# Not getting internet with OpenWRT?



## Guitar (Feb 21, 2015)

I bought a WD750 router the other day because it was really cheap and I wanted to upgrade my current Netgear N300 with DD-WRT. Well, first thing I did when I took it out of the box was slap OpenWRT on it. http://wiki.openwrt.org/toh/wd/n750

I go to hook it up, and I am getting no internet. I tried playing around in the settings, nothing. Wan is set to DHCP by default and eth0.2 VLAN, LAN is bridged to the ethernet ports and wireless connections on eth0.1 VLAN...Even resetting it completely with the 'stock' settings on OpenWRT I can't get any IP address from the wan connection, and it just refuses to connect.

On my current N300, the WAN connection is DHCP - that's about all I changed (besides obvious security) when I initially installed DD-WRT before..I'm used to that, not OpenWRT.

Anybody know what the deal could be? Is there an extra setting I need to check somewhere? I am with Time Warner running a Motorola Docsis 3.0 modem for what it's worth, not that it should really matter.


----------



## Athlon2K15 (Feb 21, 2015)

I have the same issue with my WRT1900AC, so i stopped using it and returned to stock firmware.


----------



## Kursah (Feb 21, 2015)

I had an issue with my Asus router even when running stock AsusWRT and my Arris (iirc) cable modem from Charter until they resolved a service-issue on their side.

For the longest time, my router(s); I tried different routers, firmwares, etc, and they would always fail to resolve a connection. My strategy might work for you in this instance...might not...
Grab an IP from your modem directly to a device like a workstation or laptop.

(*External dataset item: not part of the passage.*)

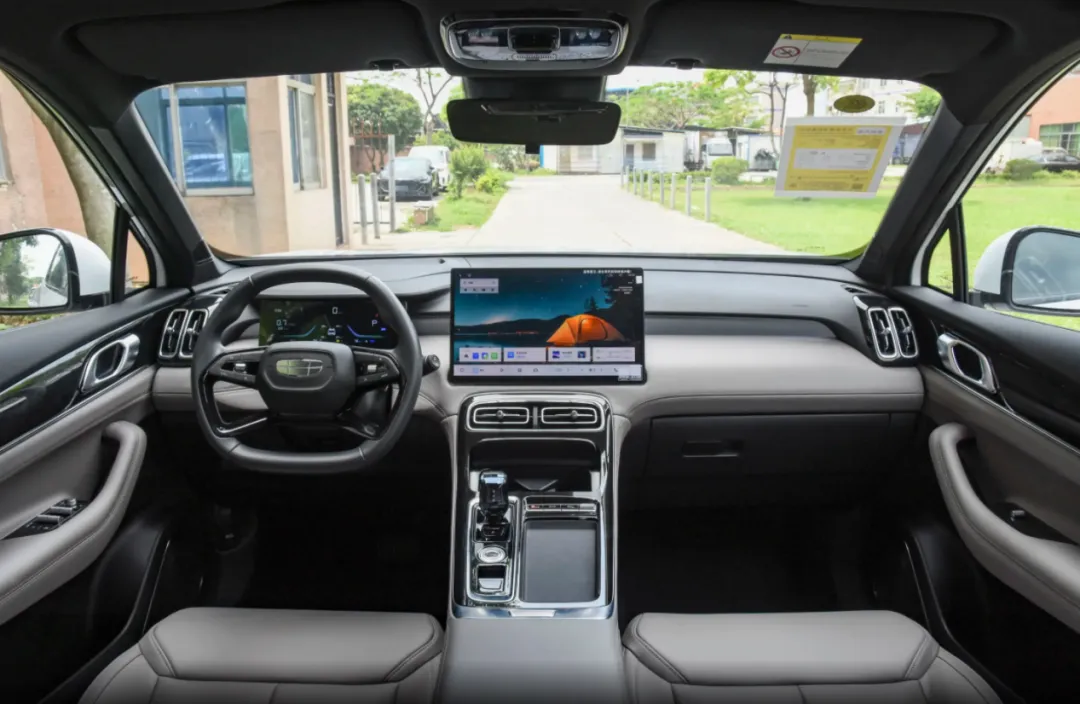 坐进车内之后,这台第四代的吉利博越L的内饰布局确实要比老款顺眼许多,特别是横向布置的中控屏幕。而且值得一提的是,该车还配备了Flyme Auto系统,中配及以上的版本还拥有龍鹰一号车机芯片,所以整个车机系统的操作流畅度和功能性也都有明显提升。除此之外,该车的仪表台以及出风口造型也都有调整,再加上大面积的皮革包覆和钢琴黑饰板等元素点缀,也进一步提升了车内的档次感。

Then connect the router. That worked for me until the resolved issues on their end.

I have my router WAN set to dynamic as well, and set to aggressive mode, which tries several times at 20-second intervals to grab an IP address. Haven't had any issues in months. This likely isn't your issue, but it's worth a shot to see if it helps resolve anything.

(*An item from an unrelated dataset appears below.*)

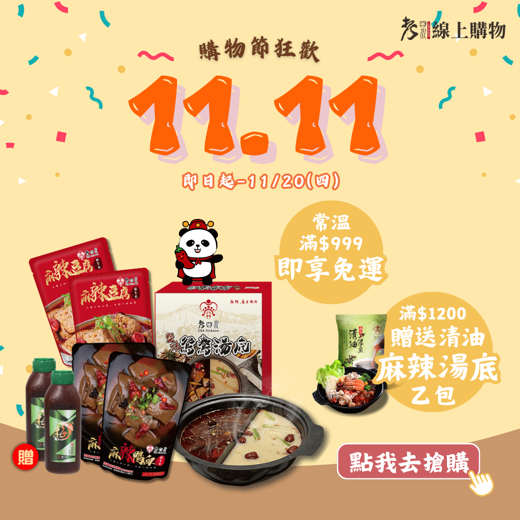 【老四川 X 11.11狂歡購物節來襲!全館滿$999免運費 還有滿額禮送給你】

Have you tried any other firmwares like Tomato? Not sure if there are any for that router, but if there is, ya might take a look.


----------



## OneMoar (Feb 21, 2015)

try gargoyle its openwrt based but with a usable-gui
flash
gargoyle-1.6.2.2-ar71xx-mynet-n750-squashfs-factory.bin
then
gargoyle-1.6.2.2-ar71xx-mynet-n750-squashfs-sysupgrade.bin
it will boot in polish just click the lanuage icon and switch to english

download from here http://dl.eko.one.pl/gargoyle-pl/attitude_adjustment/ar71xx/

the router being a AR71XX is not supported by ddwrt or tomato
its openwrt or stock


----------



## Guitar (Feb 21, 2015)

Not sure if it was Gargoyle that did the trick, but the router kept getting a blank gateway when I was trying to get an address from it, but giving me my real IP in the Wan IP section (DNS servers were also showing 0.0.0.0, so I switched to Google):







After rebooting the modem, I can get to the internet (posting now) - just seems weird that it gives me a 192 address - the modem has an internal DHCP server that it hands out to devices then?

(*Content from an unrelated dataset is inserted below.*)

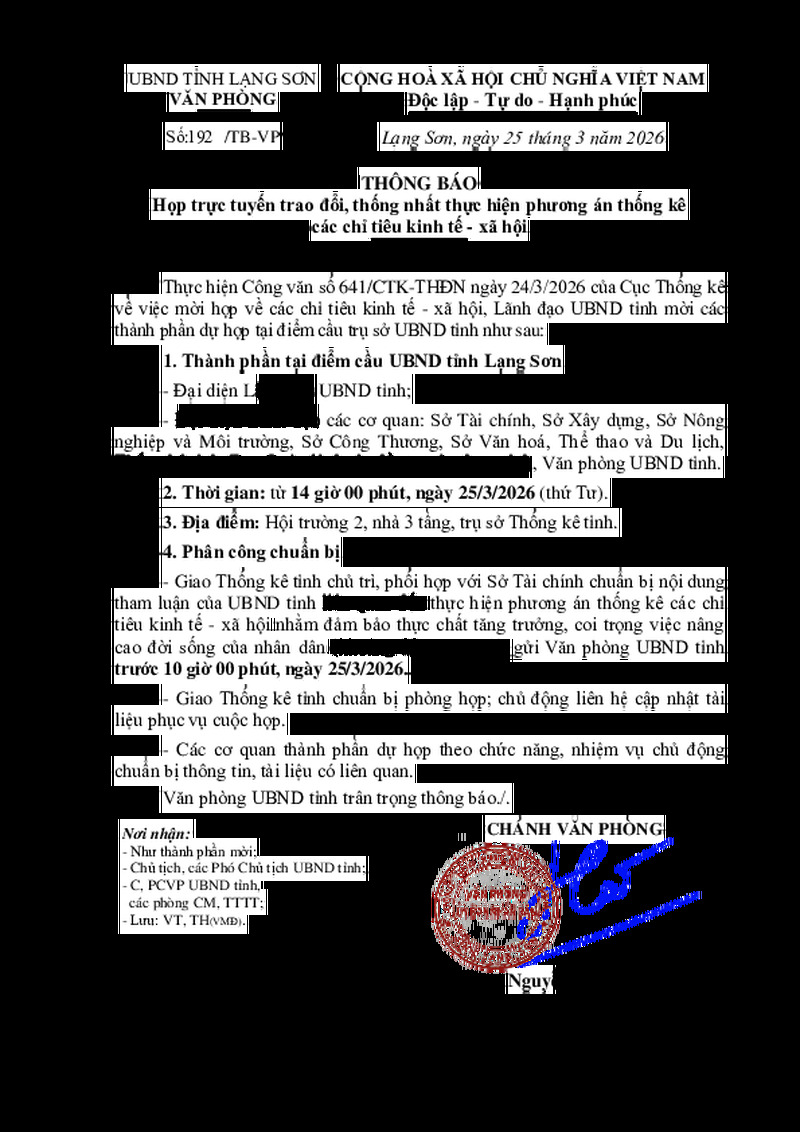 | Tiêu đề văn bản | Họp trực tuyến trao đổi, thống nhất thực hiện phương án thống kê các chỉ tiêu kinh tế - xã hội | ||

The interface is definitely easier to follow along with than the Luci (I guess that's the name) that came along with OpenWrt. So thanks! All seems good and I already notice a little bit of a speed difference from the Netgear N300, and I'm on a wired connection (albeit a Netgear powerline adapter).


EDIT: Okay, now that I go back to the page, the WAN Ips are cleared up and it now gave me my real IPs, not the 192 addresses.


----------



## OneMoar (Feb 21, 2015)

good to know
as for the weirdness those builds are fairly old
try asking in this thread if somebody can build you a image set for the N750 I currently don't see it
https://www.gargoyle-router.com/phpbb/viewtopic.php?f=14&t=6775
N750 is quiet old in the router world nobody has bothered to make builds for 1.7.0 yet


----------



## Guitar (Feb 21, 2015)

Will poke around and see if someone could.

Do you have any idea why the router wouldn't be giving wireless addresses the correct (or any) DHCP servers? I had to manually set them on my MBP and my PS3 is having the same error. I checked 'force clients to use router DNS servers' but that doesn't seem to have mattered.
The default it was getting was 10.0.1.0 (the router's IP) with the 'lan' hostname.


----------



## OneMoar (Feb 21, 2015)

Guitarrassdeamor said:


> Will poke around and see if someone could.
> 
> Do you have any idea why the router wouldn't be giving wireless addresses the correct (or any) DHCP servers? I had to manually set them on my MBP and my PS3 is having the same error. I checked 'force clients to use router DNS servers' but that doesn't seem to have mattered.
> The default it was getting was 10.0.1.0 (the router's IP) with the 'lan' hostname.


no idea never used openwrt very much I would assume its a issue with the dnsmasq config might need to play with the subnet config and put it on the same subnet as the lan
http://wiki.openwrt.org/doc/howto/dhcp.dnsmasq
openwrt does no config out of the box you need todo basically everything by hand


----------



## Guitar (Feb 21, 2015)

OneMoar said:


> no idea never used openwrt very much I would assume its a issue with the dnsmasq config might need to play with the subnet config and put it on the same subnet as the lan
> http://wiki.openwrt.org/doc/howto/dhcp.dnsmasq
> openwrt does no config out of the box you need todo basically everything by hand



Well, once again, I think the change that solved it was editing the LAN subnet to 255.255.240.0 to match the WAN one, but I ssh'd in and made changes to the files too.

Thanks again! DD-WRT was so much easier to configure. Doing DevOps work has gotten me away from my hardware/networking too much it seems.


----------